Saturday, September 18, 2010

Eulogy- Helen Maye Walsh

Good morning girls.  We laid my precious mom down beside my father yesterday around 11:30. It was a beautiful service and something most phenomenal happened at grave site. I will share one day soon. 
It was just 72 days from when we laid Dad down to rest that we laid mother beside him. 


I do not understand all things that has happened the past 72 days but I guess it is not for any of us to understand all. Both my mom and dad's life were never really in my hands. I was only a servant to them. I did not add to their days nor did I take away from their days.  I want to blog about some things that were told me by another blogger, but those things need to wait. 


I spoke at my mom's home going and wanted to share it with you.  
I will be gone for a while.  I am in need of such healing and learning who I am. So take a minute and read her Eulogy ..........  it was my mother.. I miss her this morning with an emptiness that words cannot even begin to explain. BUT she is rejoicing with the angles......
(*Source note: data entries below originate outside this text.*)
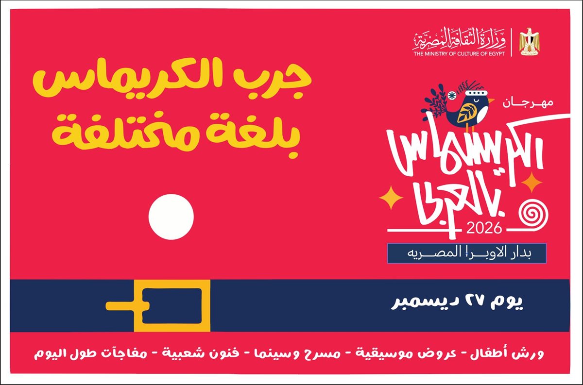 تُنظم وزارة الثقافة، تحت رعاية الدكتور أحمد فؤاد هنو وزير الثقافة، السبت 27 ديسمبر فعاليات “مهرجان كريسماس بالعربي” بمشاركة مختلف قطاعات الوزارة، وذلك اعتبارًا من الحادية عشرة صباحًا على عدد من مسارح وساحات دار الأوبرا المصرية.
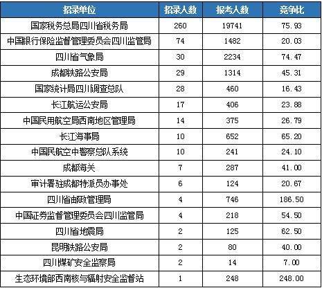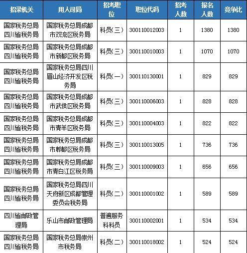 全省竞争比前十的岗位中,除了乐山市邮政管理局之外,其余部门均来自税务系统,成为唯一一个能与税务系统PK的部门。并且双流区国税及新都区国税的科员三职位竞争比破千。成为最难考职位。
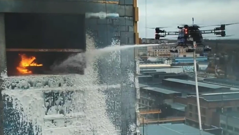 Испытание БПЛА по тушению пожара на высоте 50 м. Скриншот видео: «Лаборатория будущего».
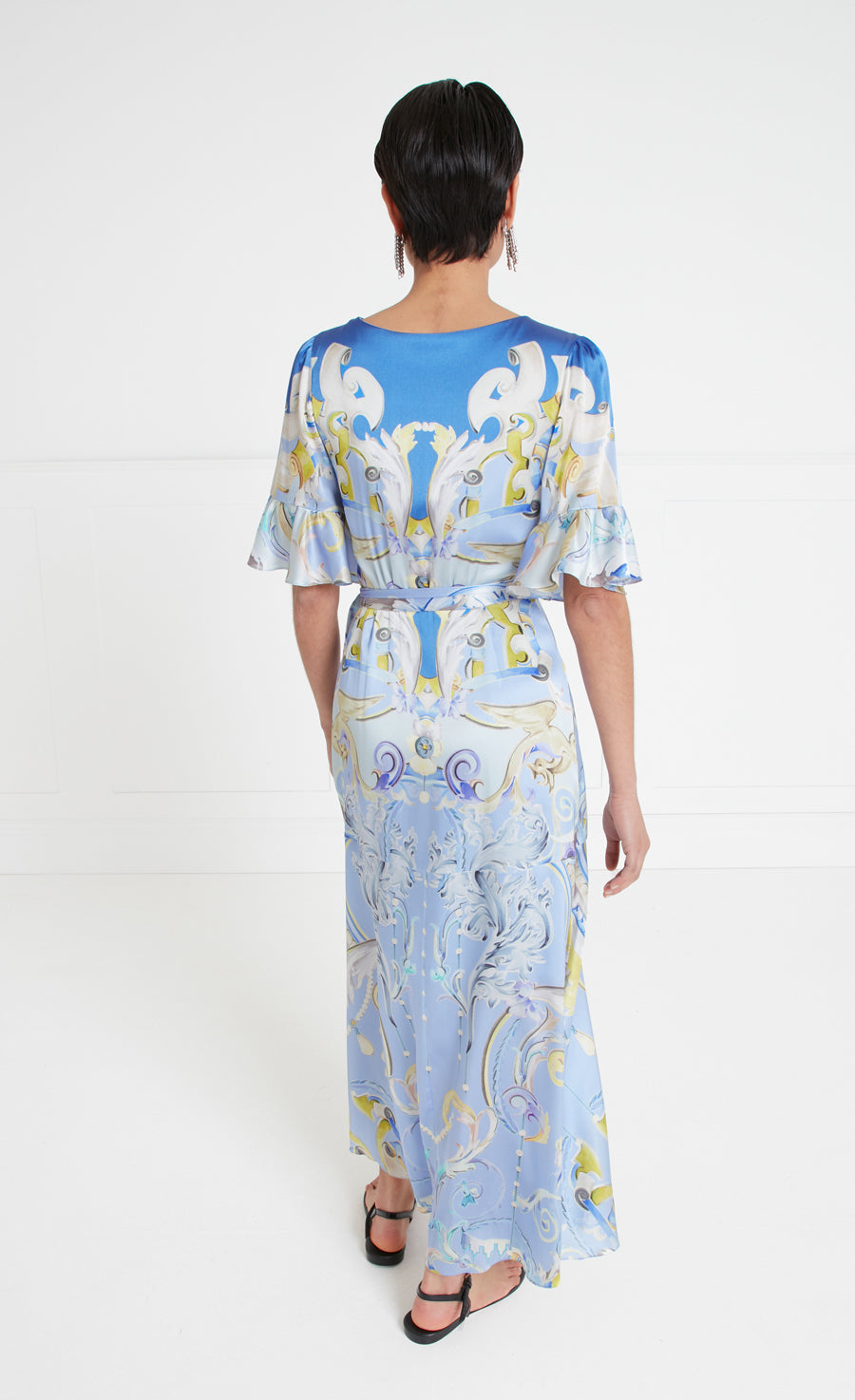 A picture of wearable opulence, our Carline story offers a lighter and looser evening print option. Made from fluid stretch satin silk, the hand-painted artwork depicts muted fresco-style motifs, composed in-house then printed in Italy, combining hazy pastels with a stronger hue at the hem. Featuring three dresses, a coat and two headscarves, united by contemporary silhouettes that can be co-ordinated or worn alone.

**********************************************************


 MY MOM

SEPTEMBER 17, 2010


My mom was a very quiet, shy almost, she was more introverted than not. She never spoke her feelings out loud and when asked a question she would just cock her head to the side and shrug her shoulder. I wonder sometimes

I never heard her voice her opinion of politics and not even the Christianity that she held private in her heart. Asking her what she was thinking was a lesson at futility. She did not share much

I never knew her favorite color or her favorite food. Come to think of it, it must have been beans and weenies or mac and cheese………. Bless her heart she was a terrible cook.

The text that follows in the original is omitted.